Frontier Technology Livestreaming wins the UK Civil Service Innovation Award

Monday 27 November 2017

Now in their 12th year, the UK Civil Service Awards recognise and celebrate inspirational individuals and innovative projects within the civil service and help spread best practice right across government.

We are delighted that Frontier Technology Livestreaming (FTL), which is funded by the UK Department for International Development (DFID) and implemented by IMC, was announced as the winner of the innovation award at a ceremony at Lancaster House in London on Thursday 23 November.

The Civil Service Award for Innovation ‘recognises a team that has sought new and better ways of doing things and taken sensible risks to improve outcomes and successfully address an issue or challenge.’ This can be through innovative approaches to policy-making and delivery; challenging the status quo; or new approaches leading to a step-up from business-as-usual. 

Within FTL, we are helping DFID to identify, fund and disseminate technologies to tackle development challenges.

In collaboration with 28 local partners including technology entrepreneurs, governments, academic institutions, NGOs and private companies, FTL is piloting 10 innovative projects in Ethiopia, Nepal, India, Mozambique, Tanzania, and Zimbabwe.

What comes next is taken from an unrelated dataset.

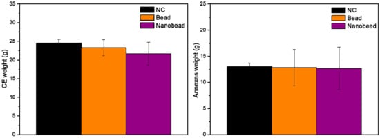 The weights of CE and annexes treated with NC, beads and nanobeads containing INDO (20 mg/egg) are given in Figure 10. In terms of CE weight, it was noticed values of 24.53, 23.31 and 21.71 g when treated with NC, beads and nanobeads, respectively. On the other hand, the weights of the annexes were 13.05, 12.82 and 12.68 g for NC, beads and nanobeads, respectively. There were no statistically significant differences among the CE (p > 0.05) and annexes (p > 0.05) weights in comparison with NC.

Pilots range from trialling the viability of a 3D printing industry in Nepal to introducing a new payment and monitoring technology called eWATERpay to improve the reliability of water supply systems in rural Tanzania.

CSA photo
From left: Alex Chisholm, Permanent Secretary, Department for Business, Energy and Industrial Strategy, Lea Simpson, FTL Team Leader, and Magdalena Banasiak, Steven Hunt and Tamara Giltsoff from the UK Department for International Development.

FTL’s unique methodology is informed by best practices in private sector innovation but also attuned to the complexities and challenges of working in international development.

We test the viability of pilots through ‘sprints’, which can be defined as the smallest possible batches of work that generate learning. This allows us to understand quickly whether a pilot should persevere, be refined or discontinued. This approach enables maximum adaptability for pilots and generates a strong ‘livestream’ of shared learning. It also allows DFID to achieve value for money by focusing on initiatives that are likely to succeed and improve lives.

It’s great to work on Frontier Technology drones and pilot it to improve community infrastructure management in India. I’m excited about the application of technologies at the grassroots level to bring about a difference in poor people’s livelihoods. Being part of FTL is a great encouragement to think innovatively in my daily work.

Aloke Barnwal, Climate and Environment Adviser, DFID India

FTL is influencing not only DFID’s work but also that of international partners such as UNICEF and USAID.